If I wanted to stay close to the 3lb weight limit, what is the best laptop that I should aim for - again, touch screen is not important.
As I said, it really depends on what processor you need. It sounds like the weight is a higher priority than the bigger quad-core CPU, and given that:
If you can stretch the budget a little, and you don't see a need to have an upgradeable system, the system I'd encourage you to look at first is the Lenovo X1 Carbon (current is 4th generation with i5-6xxxU processors). At 2.6lbs, I'm fairly sure it's still far and away the thinnest and lightest 14" business ultrabook. You might look and see if there are any refurb or remaining stock 3rd-generation ones with the i5-5xxxU processors.
None of the other ones I'm aware of are quite as light as 3lbs at a 14" screen. If you can stretch the weight limit to 3.25 lbs, the Dell E7470 (or a last-gen E7450) is worth looking at. The T460s (or a last gen T450s) is one step heavier still but still only around 3.5lbs.
The Dell XPS 13 is not a full business notebook, and won't be quite as sturdy as the X1 or the slightly heavier ones above. It's also going to be hard to get the specs you want in your budget: to come in under $1000, you'd need to buy it with a smaller SSD and upgrade yourself. They are nice machines, and incredibly compact.
Any of the 12" business ultrabooks will meet your needs if configured correctly: X260 and E7270 from this generation or the X250/E7250 from the last.
Personally, if I was looking for a new machine like yours, I'd be looking at refurbished Dell E7450 or E7470 from their Outlet. There are some E7470s matching your specs for about $1200, which after the current 25% coupon (and there's practically ALWAYS a coupon; they expire for a few days and then come back) you'd be looking at about $900 before tax and shipping, and with free ground shipping that's under $1000 even in high-tax California (if just barely.)

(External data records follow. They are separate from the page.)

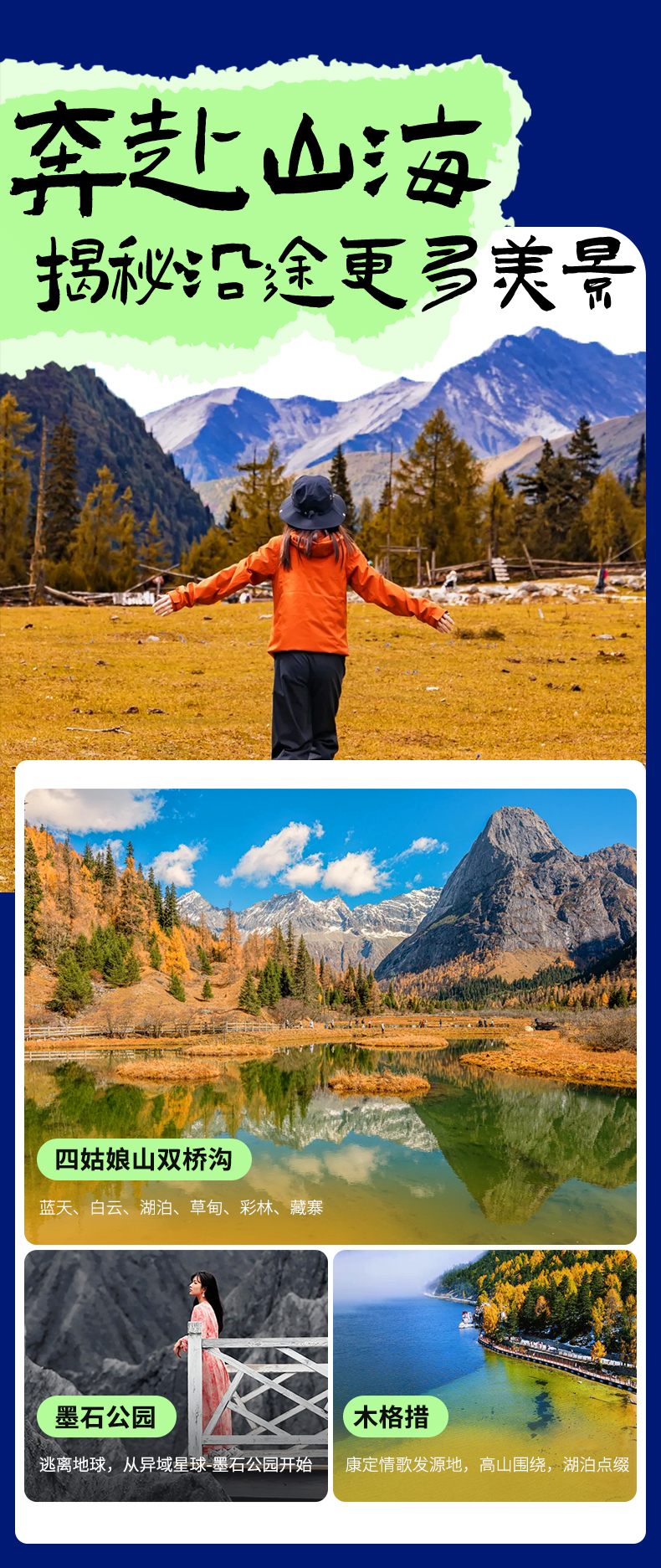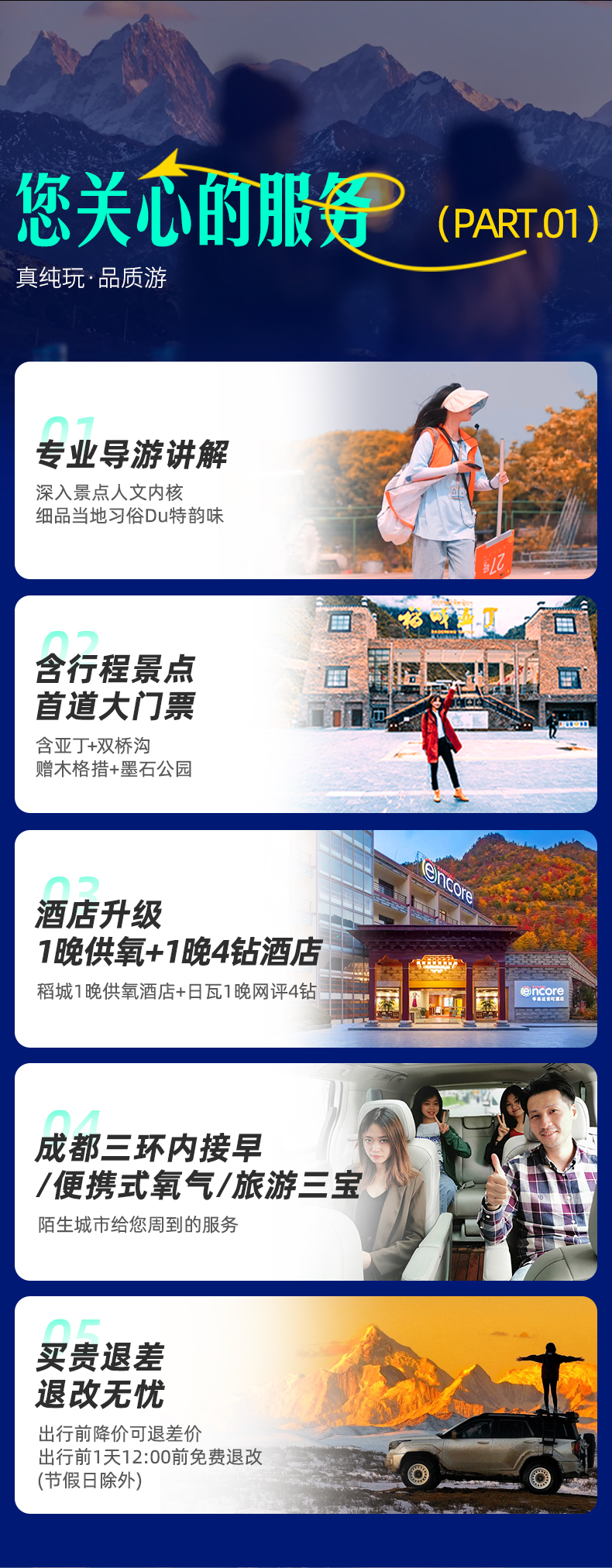 门票退免:稻城亚丁(优惠退30,免票退60)、四姑娘山双桥沟(优惠退20,免票退40)、木格措+墨石(无退费)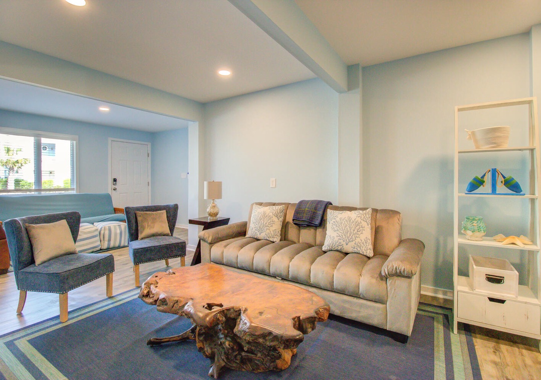 Welcome to Next Time Down, a beautifully renovated oceanfront vacation home completed in 2021. Perfectly suited for families, this spacious retreat offers direct beach access via a private walkway and boasts two expansive oceanfront decks where you can relax and soak in the sea breeze. Inside, the house features modern amenities including new kitchen appliances, Smart TVs, and two comfortable family rooms, ensuring entertainment for guests of all ages.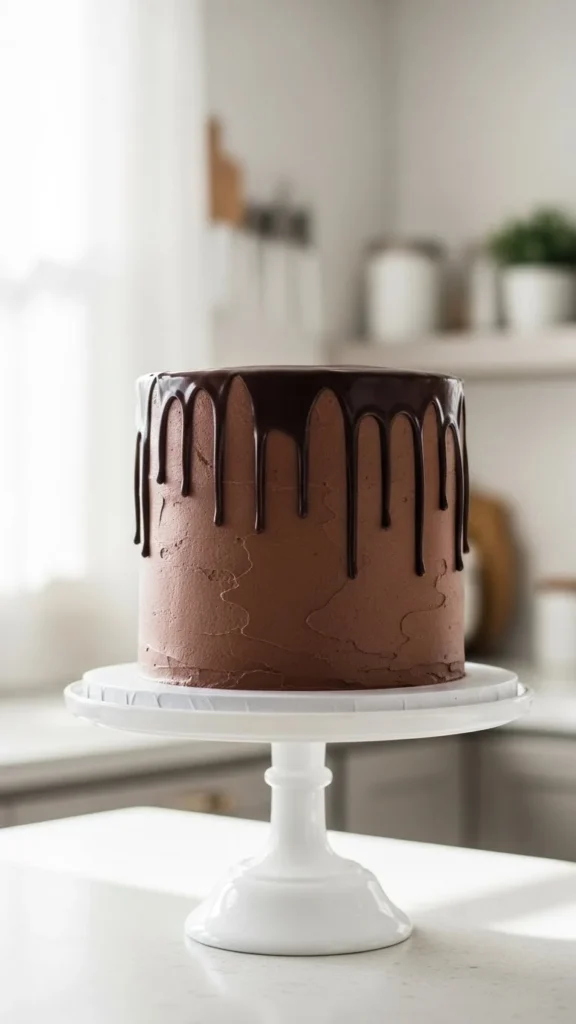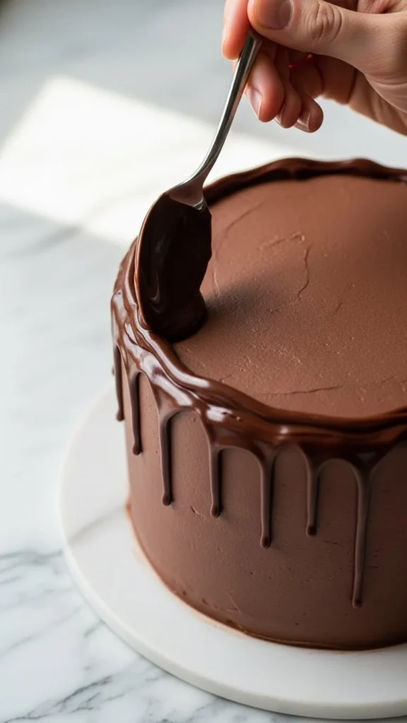 After frosting your cake, place it in the fridge for at least 30–45 minutes. The cold surface helps control the drip and prevents the chocolate from sliding all the way down.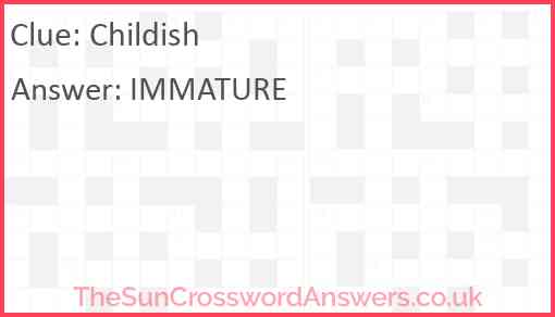 Childish is a crossword clue for which we have 1 possible answer and we have spotted 3 times in our database. This crossword clue was last seen on 28 February 2023 in The Sun Coffee Time Crossword puzzle!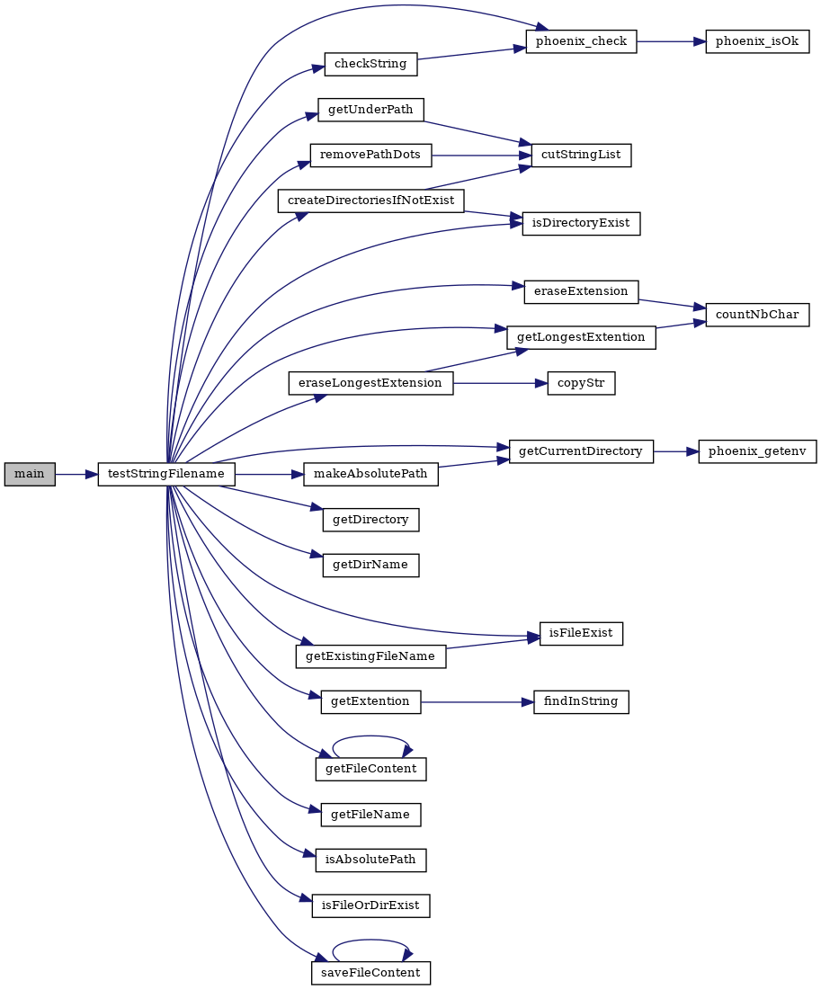 References checkString(), createDirectoriesIfNotExist(), eraseExtension(), eraseLongestExtension(), getCurrentDirectory(), getDirectory(), getDirName(), getExistingFileName(), getExtention(), getFileContent(), getFileName(), getLongestExtention(), getUnderPath(), isAbsolutePath(), isDirectoryExist(), isFileExist(), isFileOrDirExist(), makeAbsolutePath(), phoenix_assert, phoenix_check(), removePathDots(), and saveFileContent().
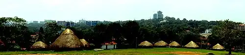 À l'arrière du bâtiment du musée de l'Ouganda se trouve le village culturel, avec des huttes illustrant les modes de vie traditionnels des habitants de l'Ouganda. Pour les visiteurs qui souhaitent découvrir les coutumes indigènes du peuple ougandais, de nombreux artefacts sont présentés, tel que des pots à lait en bois (ebyanzi), des récipients en calebasse, de la vannerie, du travail de perles, du travail de la corne, de la céramique, de la coutellerie, de la maroquinerie, de l'armurerie, et des instruments de musique. Ces artefacts sont visibles dans plusieurs huttes, et notamment dans la hutte Bamba, la hutte Batooro, la hutte Bunyoro, la hutte Hima, la hutte Ankole et la hutte Kigezi. Toutes représentant la région occidentale de l'Ouganda. Certains des éléments les plus intéressants de la hutte Tooro sont la literie, en particulier le lit en bois de fortune, la couverture en toile de fond et les tambours royaux. Dans la hutte Ankole qui représente les Banyankole, il y a des ustensiles de cuisine comme des pots, des bols en argile et une pierre à mélanger montrant comment les Banyankole préparaient le pain de mil (Kalo) avant l'invention des fraiseuses. Dans la hutte Hima qui appartient aux Bahima, il y a des gourdes à lait utilisées pour garder le lait et de longues cornes représentant le type de bétail qui dominait les kraals Hima. Il existe également une lotion à base de lait utilisée pour enduire une future mariée.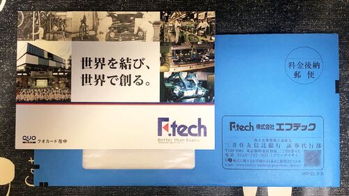 エフテック(7212)は、ホンダ系でホンダ向けが7割超の部品会社。 3月に権利確定があり、クオカードが戴けます。 優待到着時期 優待品のご紹介 保有状況について 株式情報 優待到着時期6月下旬 優待品のご紹介株主総会決議通知の封筒に同封で届きました。 使…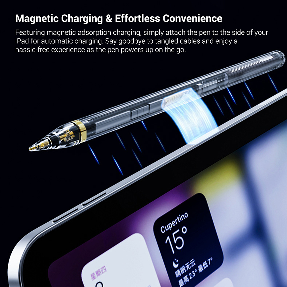 - Premium Transparent Capacitive Pen Design: Experience a refined, transparent design that feels just as good as it looks. The touch-sensitive pen is crafted with an exquisite, delicate touch that offers both comfort and precision for a smooth and enjoyable operation.- Magnetic Charging & Effortless Convenience: Featuring magnetic adsorption charging, simply attach the pen to the side of your iPad for automatic charging. Say goodbye to tangled cables and enjoy a hassle-free experience as the pen powers up on the go.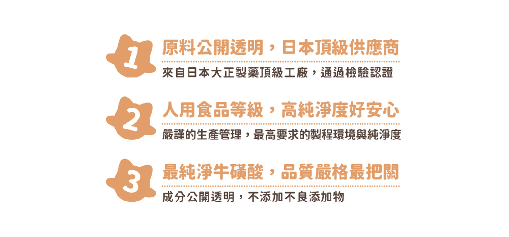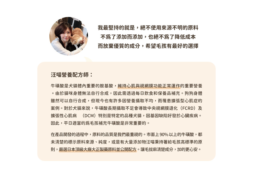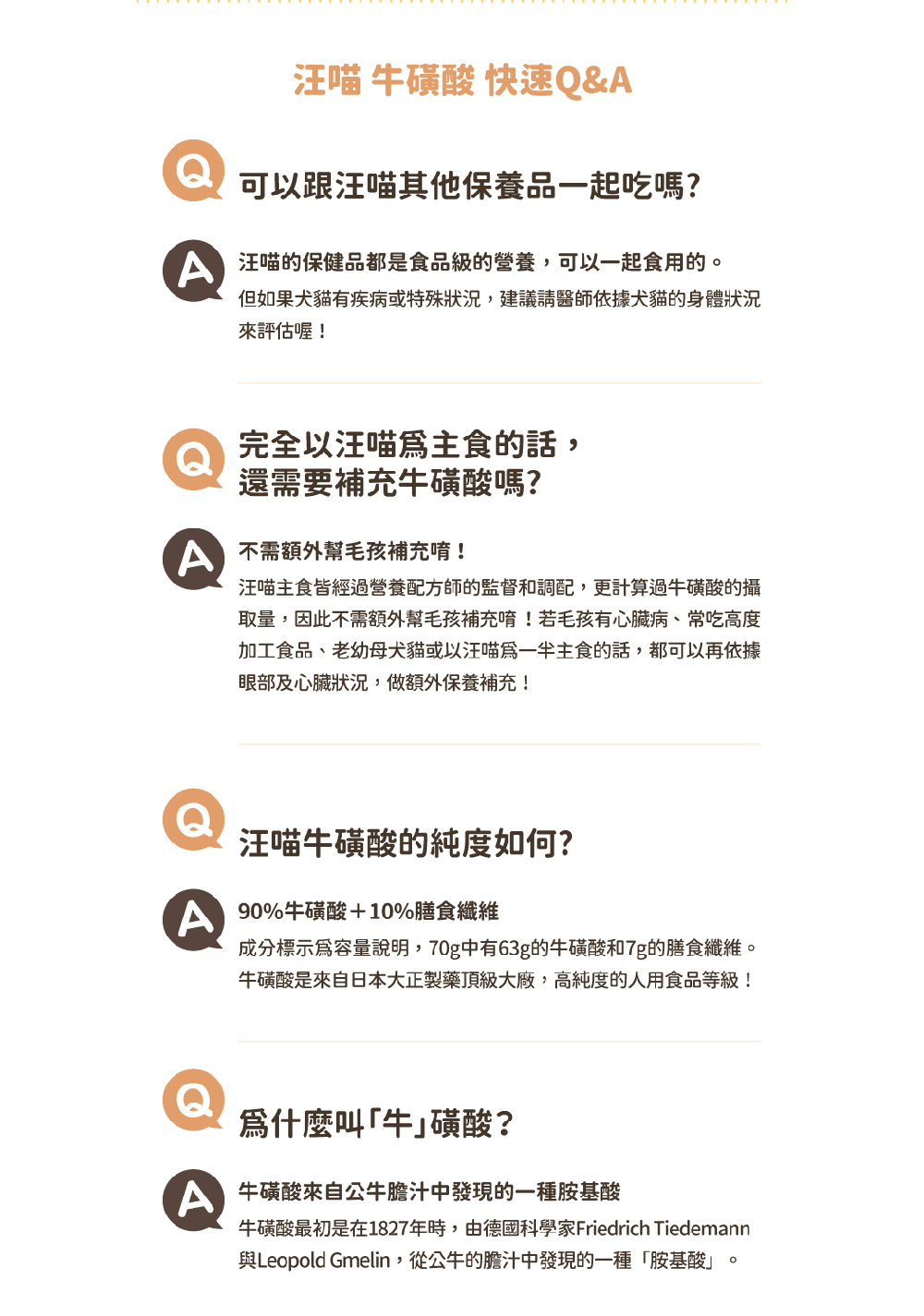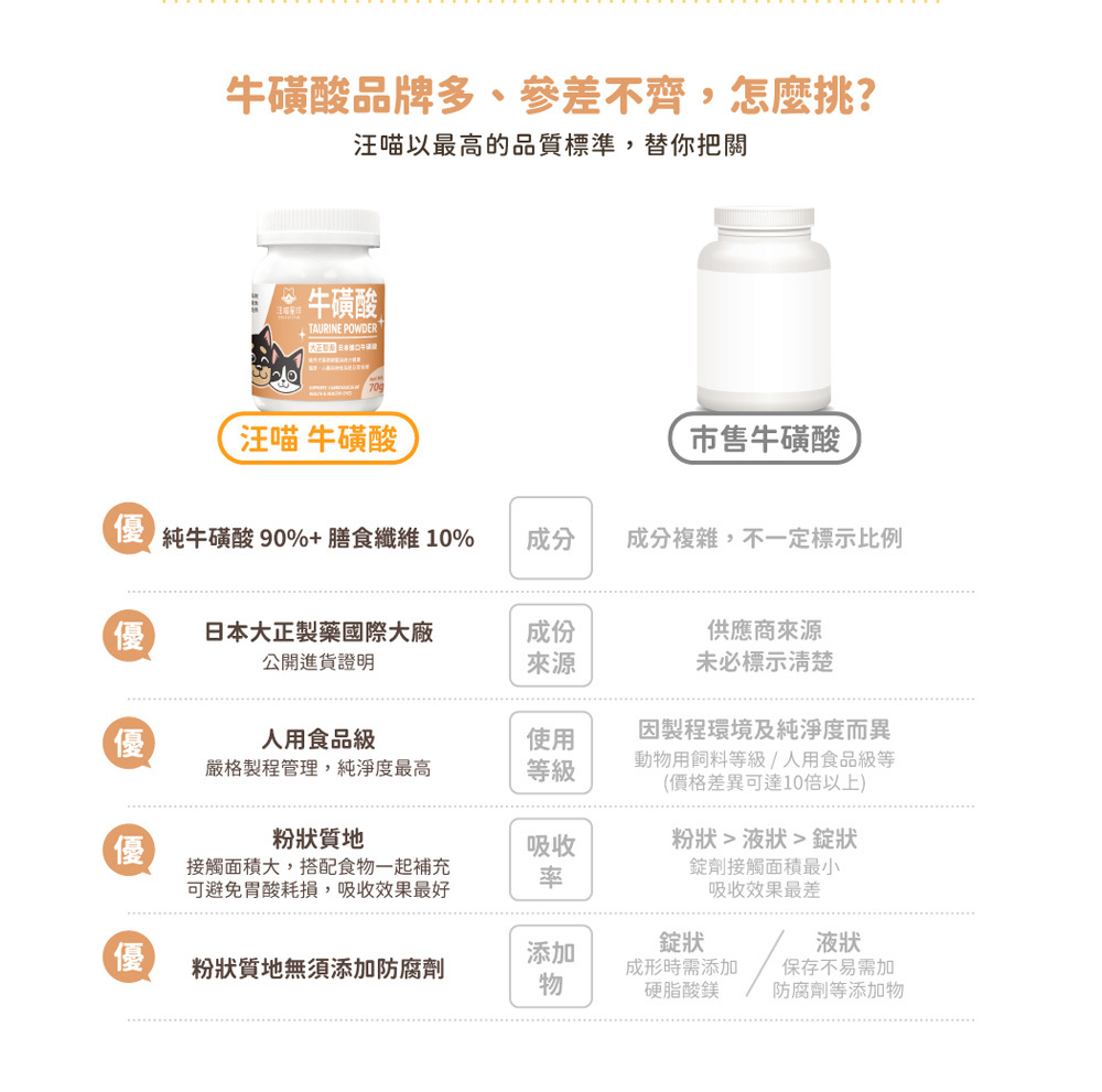 ● 市售90%以上的牛磺酸原料來源不明、或來自中國,汪喵選擇來自日本 KASANO 有檢驗報告的純牛磺酸,搭配 10% 的膳食纖維打造!

I was going to suggest getting a base model and upgrading the memory and SSD, but it's not actually any cost savings right now.
The deals on the 12" models are not quite as good; would be around $1100 once you need the 500-512GB SSD. If you needed to to meet your price range, you could get one with a 128GB SSD and then upgrade it yourself (about $150 for an aftermarket SSD; I recommend the Crucial MX200 M.2 2280SS for the E7270) which would be just under $1000 combined.
In my experience, quality control is actually BETTER on refurbished business-line Dells than on new stock; an awful lot of the business machines are corporate returns that were never actually used by an end-user. They come with the same warranty as new.